The only potential buyers Lucas names are '80s pop singer Christopher Cross and actor Michael J. Fox, both of whom have been quoted as expressing interest in a complete collection.
Only a handful of collections match the Richardson couple's, says Lucas. "Really, I doubt that there's even that many out there - maybe a dozen - and we've never heard of them," she says.
The Boggses have been collecting only since September 1997, when one of their four children received a gift of Sparky, a Dalmatian.
By the end of the year, they had put together the entire collection. Most came from retail stores; they filled in the gaps by working the Internet.
Their most valuable Beanie is Peanut, a royal blue elephant, worth about $5,000.
"It's the cornerstone of a collection," says Boggs. "It got to be the one that people said, `Here's a limited one.' It became the one that the media and magazines took notice of. Everyone else had a Peanut in light blue. If you had royal blue, it became more valuable."
The Boggses have been unselfish with their Beanies.

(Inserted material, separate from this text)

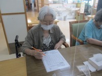 本日は、都道府県ビンゴ&サイコロゲームを行いました。24マスあるビンゴシートに思いつく都道府県を書いていただきます。すぐ書き終えてしまう方もいれば、なかなか思いつかない方もいました。さすがに群馬県は真っ先に書いていらっしゃる方が多く脳トレにもなりました。サイコロゲームでは、一人ずつサイコロを振って質問に答えていただきます。「好きな食べ物は?」「初恋の思い出は?」「新婚旅行はどこへ行きましたか?」等思い出話に花が咲きたいへん盛り上がりました(^O^)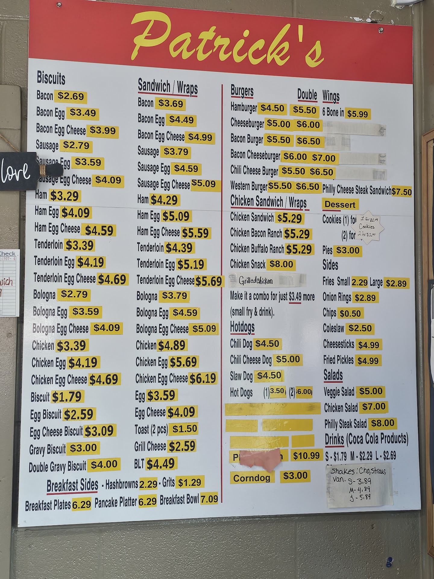Ā Ā Ā Read moreOne of the greatest spots around. I was working in Guntersville, I'm from Huntsville, and a guy told me to try Patricks. I went and got a bacon cheeseburger(with CRISPY BACON!!!!@) and onion rings and was blown away. I don't eat a lot of burgers but if I lived close to there i would eat a lot more. From that day I ate there every day I was in Guntersville for the duration of that job. I even had my wife drive out to meet me there and try it. The new owners are awesome and doing a fantastic job. I really can't recommend this place enough. It's a must eat if you are ever...

For the holidays, they have lent it to the Dallas Museum of Natural History, which has put it in a temporary exhibit.
It's the family's goal to sell it to a charitable organization, which could then use it for fund-raising. To hear Boggs talk, it is almost enough to make you reach for your wallet.
"One of the joys of having the collection is when you watch people look at it," she says. "We're very much ordinary people. We would never have a painting or a piece of art to donate to a museum. Our families have never been in that world. And so, to have something that people go `Oooh' - like owning a Monet - you understand why we do it."
Lucas of Beans! is especially impressed with the collection's two "employee" bears, given only to Ty employees.
"There were only 300 made of each," she says. "This is what makes their collection so rare. When you think about it that way, it's very rare. There are only 300 possible collections like what they have."
But the world of collectibles is a cruel, unpredictable place. Some experts have deemed Beanie Babies a weak investment.
"The prices have dropped," Lucas acknowledges. "But I wouldn't say it's been anything drastic. For example, some teddies are still valued in the thousands of dollars. They're still worth money - but there's more collectors and they're not willing to pay as high a price."
To sell, the Boggs may have to swallow a bitter pill: dismantlement.
"Realistically, it's something they don't want to do, but they might have to break up the set if they want to get rid of it," Lucas says. "To interest the average collector, they might have to - and that would take away all the glory of it."